The best place to start is to look at the widgets demo provided by the Opera Widgets Team. Examples given describe specific APIs and demonstrate functionality at the same time. You can find them pre-installed in the new release of Opera Widgets Runtime for Android. If you're interested in the nuts and bolts you also take a look at the W3C Widget Packaging and Configuration specifications, which WAC 1.0 is based upon.

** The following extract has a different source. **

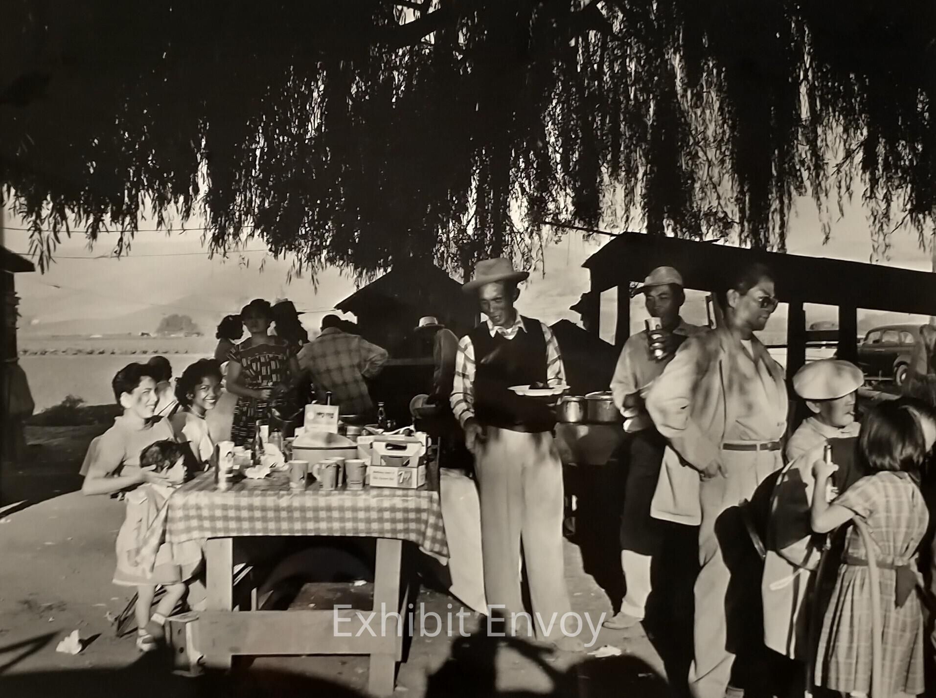 Filipino families and friends from the city often visited their "Manongs" and "Uncles" in the countryside on weekends. Ricardo Alvarado took this photograph during a visit to his eldest brother, Cirilo, a Manong migrant farmworker. During visits, the families feasted, played cards, and caught up on each other's news.

There is also an another article available on this site, which takes you through building a complete functioning WAC Widget: Building a spirit level widget using WAC 1.0.

Using available objects

WAC talks about the use of <feature> elements, which are additional elements added to a config.xml file in order to provide information about what kind of APIs a widget wants to access. This allows the Widget Manager to inform users what the widget being installed is able to do. This alleviates potential privacy issues. For example, when you install a widget for browsing feeds you might get suspicious if it requests access to camera, messaging or geolocation.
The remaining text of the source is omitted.